The hot air mechanism comprises a mounting box 51 fixedly connected with a mounting frame 2, a third motor 52 is fixedly connected to the top of the mounting box 51, a fourth rotating shaft 53 which is rotationally connected with the mounting box 51 is fixedly connected to the output end of the third motor 52 through a coupler, a fan blade 54 is fixedly connected to one end of the fourth rotating shaft 53, an electric heating wire 55 is arranged below the fan blade 54, an air outlet pipe 56 is fixedly connected to the bottom of the mounting box 51, an air distributing pipe 57 fixedly connected with a hose is fixedly connected to the bottom of the air outlet pipe 56, one side of the mounting box 51 is connected with a connecting pipe 39 through a pipeline, the fourth rotating shaft 53 is driven to rotate through the third motor 52, the fan blade 54 rotates to the electric heating wire 55, the electric heating wire 55 heats air entering and exiting from the fan blade, and heated air enters the air distributing pipe 57 through the air outlet pipe 56, and then the air distributing pipe 57 passes through the hose to enter the air inlet pipe 47.

Example five

Referring to fig. 7 and 8, the transmission mechanism includes a mounting block 61 fixedly connected to the first mounting ring 21 and the second mounting ring 41, a transmission shaft 62 is rotatably connected to the mounting block 61, a third transmission gear 63 engaged and connected to the first transmission gear 23 and the second transmission gear 43 is fixedly sleeved on an outer surface of the transmission shaft 62, a fixing disc 64 is fixedly sleeved on an outer surface of the transmission shaft 62, a fixing block 65 slidably connected to the mounting block 61 is slidably connected to an outer surface of the fixing disc 64, a spring 66 fixedly connected to the mounting block 61 is fixedly connected to an outer surface of the fixing block 65, the transmission shaft 62 is rotated by lifting up the fixing block 65 on the fixing disc 64, the transmission shaft 62 drives the third transmission gear 63 to rotate, and the third transmission gear 63 drives the first transmission gear 23 and the second transmission gear 43 to rotate, after the first transmission gear 23 and the second transmission gear 43 rotate to a proper position, the fixing block 65 is inserted into the fixing disc 64 on the transmission shaft 62, and the transmission shaft 62 is fixed.

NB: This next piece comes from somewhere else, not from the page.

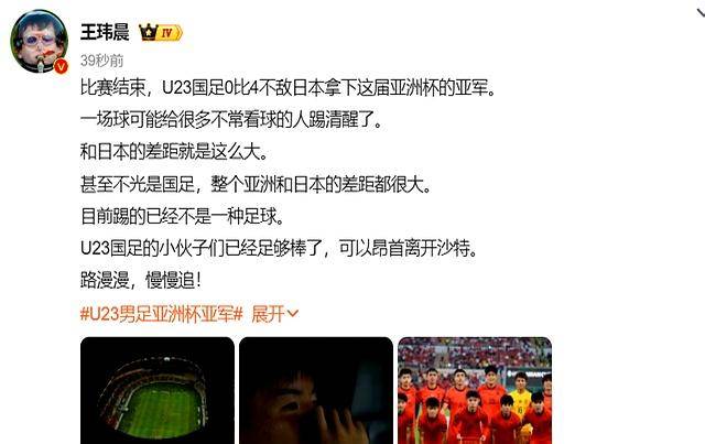 媒体人王玮晨则对国足的表现给予了肯定:“小伙子们已经很棒了,可以昂首离开沙特。”确实,能打进决赛本身就是一种成功,更何况还创造了历史。但他也直言不讳地表示,国足和日本队的差距确实不小,甚至可以说整个亚洲足球和日本都不在一个档次上。这话听着有点扎心,但事实就是如此,日本足球的体系、青训和比赛风格已经领先亚洲其他球队一大截。

The working principle of the invention is as follows: the first rotating shaft 4 is driven to reciprocally rotate at-90 degrees to 90 degrees through the first motor 3, the first rotating shaft 4 drives the first processing pipe 7 to reciprocally rotate through the first gear 5 and the second gear 6, meanwhile, the first rotating shaft 4 drives the second processing pipe 8 to reciprocally rotate through the transmission mechanism, according to the diameter of the cable core, the first transmission gear ring 23 on the first mounting ring 21 is driven to rotate through the transmission mechanism, the first transmission gear ring 23 drives the first transmission gear 24 to rotate, the first transmission gear 24 drives the first transmission gear rack 25 to move, the first transmission gear rack 25 drives the smearing block 26 to move, the hairbrush 27 on the smearing block 26 is attached to the surfaces of the cable core and the shielding layer belt, then graphene raw materials are fed into the hose through the feeding mechanism, then enter the feeding pipe through the hose, then the graphene raw materials are fed into the feeding grooves in the first transmission gear rack 25 and the smearing block 26 through the hose, the through hole blowout on the piece 26 is paintd to the cable core surface later, simultaneously the reciprocal rotation of first processing pipe 7 and second processing pipe 8 drives the brush 27 on the piece 26 and rotates, brush 27 is with the even smearing of graphite alkene on the cable core, simultaneously because first processing pipe 7 and second processing pipe 8 all have two to smear the mechanism, smear the rotation opposite direction of mechanism when the cable passes through first smearing mechanism and when smearing the mechanism through the second, thereby make the even smearing of graphite alkene raw materials on cable core and shielding layer area, thereby the even smearing of graphite alkene shielding layer raw materials when having realized processing of cable to different sizes has improved the shielding effect of twin-core twist shielded cable greatly, the machining efficiency to twin-core twist shielded cable has also been improved simultaneously.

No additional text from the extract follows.